Problem description:
Your copy of the lines below must match them exactly and contain no images.

Recorded data section start

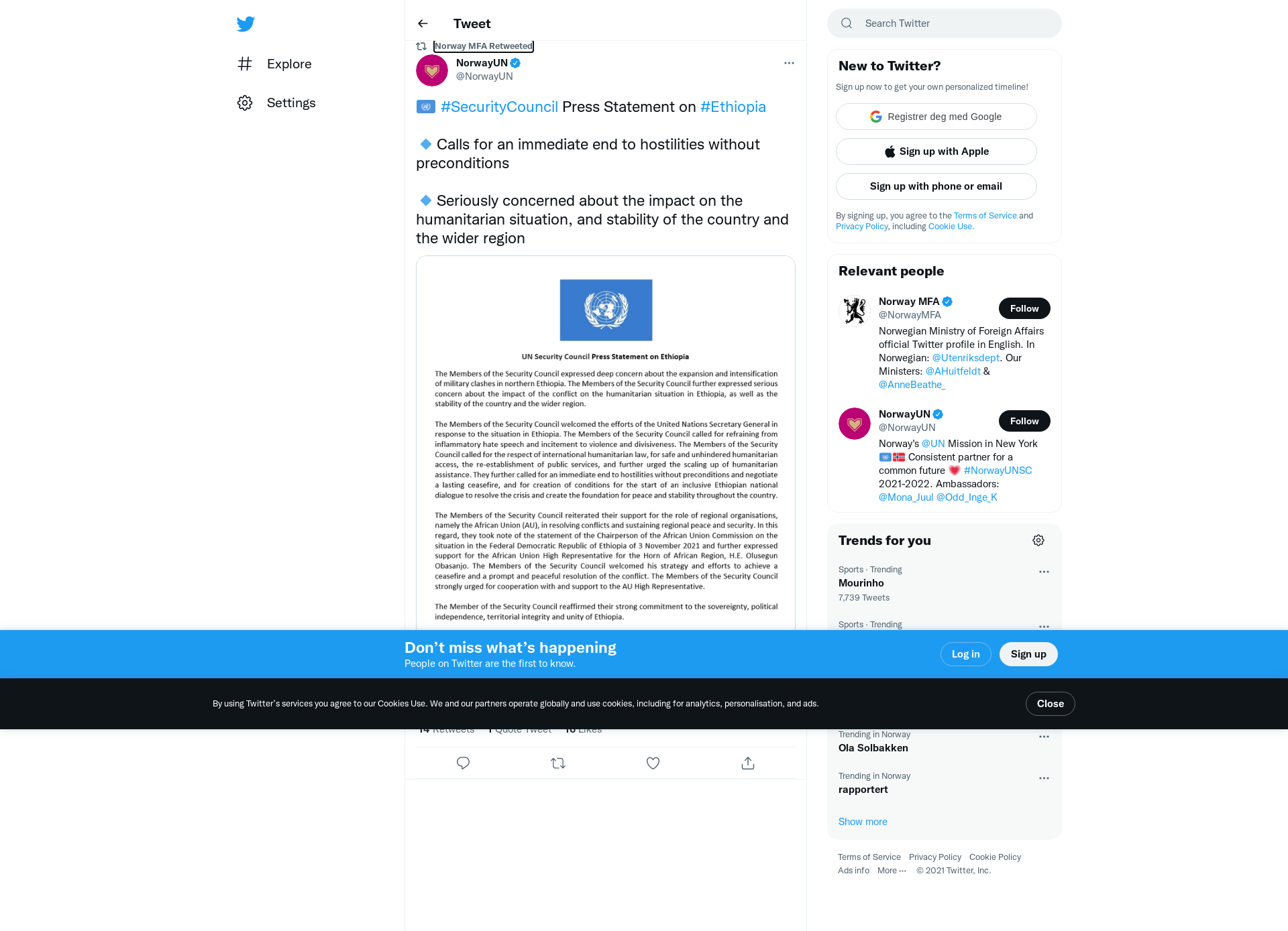 RT @NorwayUN: 🇺🇳 #SecurityCouncil Press Statement on #Ethiopia 🔹Calls for an immediate end to hostilities without preconditions 🔹Serious…
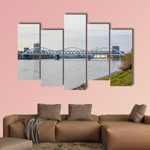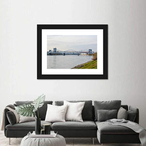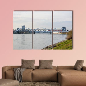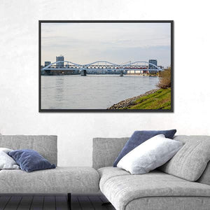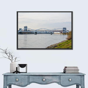 The White Bridge Germany Canvas presents a wide, eye-level view of a multi-span truss bridge crossing a river with grassy, rocky banks and a city skyline beyond. Soft blues, greys, white and touches of green give the scene a calm, serene urban mood. It works well in modern rooms and urban interiors that benefit from a peaceful landscape accent.
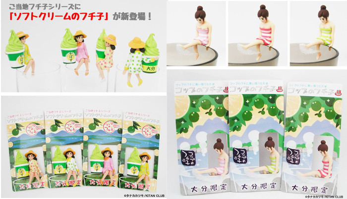 九州大分一次過推出兩款杯緣子,都是以炎夏為主題,其中一個系列抱住雪糕,另一個就只是圍上浴巾,兩個系列分別有4色及3色的選擇,而包裝就印有「大分特產香母酢(KABOSU)」。

Recorded data section end

Written solution:
 RT @NorwayUN: 🇺🇳 #SecurityCouncil Press Statement on #Ethiopia 🔹Calls for an immediate end to hostilities without preconditions 🔹Serious…
 The White Bridge Germany Canvas presents a wide, eye-level view of a multi-span truss bridge crossing a river with grassy, rocky banks and a city skyline beyond. Soft blues, greys, white and touches of green give the scene a calm, serene urban mood. It works well in modern rooms and urban interiors that benefit from a peaceful landscape accent.
 九州大分一次過推出兩款杯緣子,都是以炎夏為主題,其中一個系列抱住雪糕,另一個就只是圍上浴巾,兩個系列分別有4色及3色的選擇,而包裝就印有「大分特產香母酢(KABOSU)」。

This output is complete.